A DUI charge is not a traffic ticket—it is a crime. A DUI is classified as a gross misdemeanor (crime) and is heard in District Court. A gross misdemeanor conviction means the judge has the authority to impose a maximum punishment of 1 year in jail and a $5,000 fine. A conviction can happen three ways: a) A jury issues a guilty verdict after a jury trial; b) a judge enters a finding of guilty after a bench trial; or c) you plead guilty.
If you are convicted, the judge must impose a mandatory minimum sentence of 1 day in jail for a first-time offense. If you provided a breath sample that registered over a 0.15 blood alcohol content (BAC) level or if you refused the test, then the mandatory minimum is 2 days in jail. A second conviction within 7 years carries a 30-day or 45-day mandatory minimum, depending on the breath sample level or refusal.
It doesn't end there: You'll also face consequences by the Department of Licensing (DOL). For example, immediately after you are arrested for a DUI offense, the officer will punch a hole in your license. Losing the right to drive varies from state to state; however, if you refuse to submit to a breath or blood test, your license will likely be suspended for a period of 1 year for a first refusal, or for 24 months if you have previously refused to submit to a breath test. If you have an unlawful BAC level, your driving privilege will likely be suspended for 3 months for a first offense and 24 months for a second incident.
A hearing at the DOL is necessary in order to determine if the DOL will uphold the automatic suspension. You must request the hearing within 30 days of the date you were arrested. Otherwise, you automatically waive your right to a hearing. In addition, the DOL hearing is not like a traffic ticket hearing.
It's important to know that in a DOL hearing you must present necessary proof to overcome your presumed guilt. During the DOL hearing, having an experienced DUI law attorney is invaluable for ensuring knowledgeable and vigorous litigation for your rights.
DUI law in Washington State is generally broken down into three different charges:
Driving Under the Influence: You are considered guilty of this charge if you are driving under the influence of alcohol or drugs and have a BAC level of 0.08 or higher within 2 hours of driving, are affected by either alcohol or drugs, or are affected by both alcohol and drugs.
Physical Control of Vehicle Under the Influence: You are considered guilty of this charge if you have physical control of the vehicle when you are pulled over-even if your car is stopped-and you have a BAC level of 0.08 or higher, are affected by either alcohol or drugs, or are affected by both alcohol and drugs.

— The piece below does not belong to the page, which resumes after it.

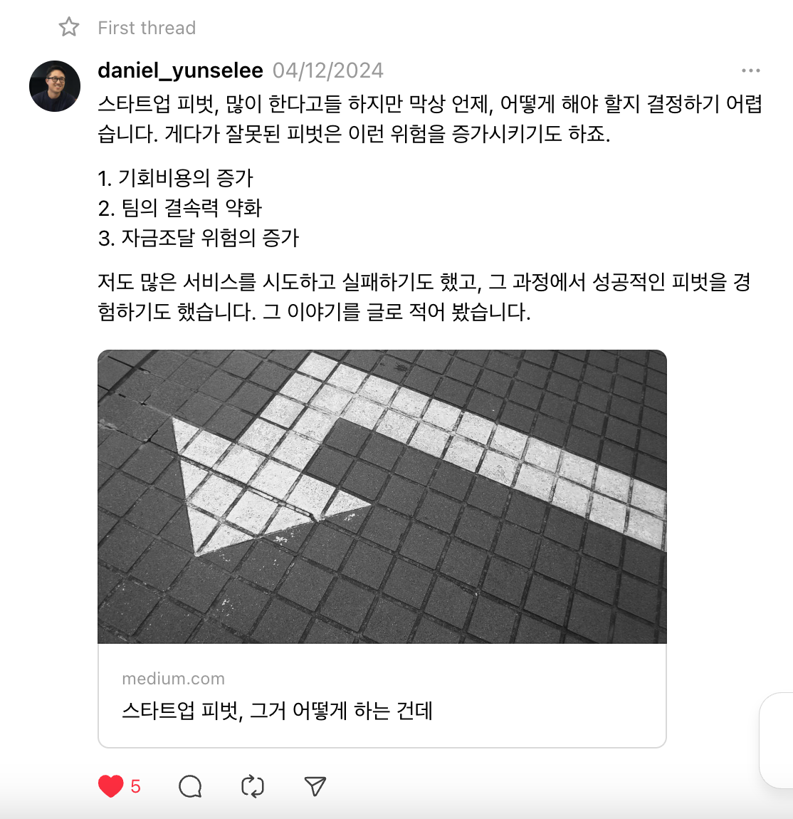 스레드의 의도인가, 우연인가? 두 번째 게시물도 좋아요 5명이다. 새로운 포스팅을 할 때마다 팔로워가 한두 명씩 늘기 시작했다. 게시물에 대한 노출은 평균 하루, 길면 이틀 정도 가는 것 같았다. 매일 게시물을 올려야 팔로워가 늘어나는 구조라는 걸 알게 된다.

Driver Under 21 Consuming Alcohol: You are considered guilty of this charge if you are under 21 years of age and have a BAC level of 0.02 or higher within 2 hours of operating or being in physical control of the vehicle.
Facing a DUI accusation is stressful and terrifying. Being arrested and accused of a DUI brings humiliation on the roadside, at the police station, and in the courtroom. Without a driver's license, you could lose your job. In addition, a DUI conviction can create a permanent criminal record that will follow you for the rest of your life. Unlike some crimes, DUI is a crime that can not be expunged from your criminal history.
Be wary of DUI attorneys promising guaranteed results. It is unethical for an attorney to guarantee any result. There is no way to accurately predict your chances of "beating" a DUI charge . Seek out an experienced attorney who will evaluate all the information and reports and then recommend a course of action.
If you walk into court and plead guilty without consulting an experienced DUI attorney, you may face tremendously harsh consequences. An accurate evaluation of your case's likely outcome involves not only the facts of the individual case and the applicable law, but also the interaction of the DUI attorney and that attorney's knowledge of the prosecutor's office and the judge assigned to the case. When accused of a DUI, you have a Constitutional right that ensures a vigorous defense for the best outcome.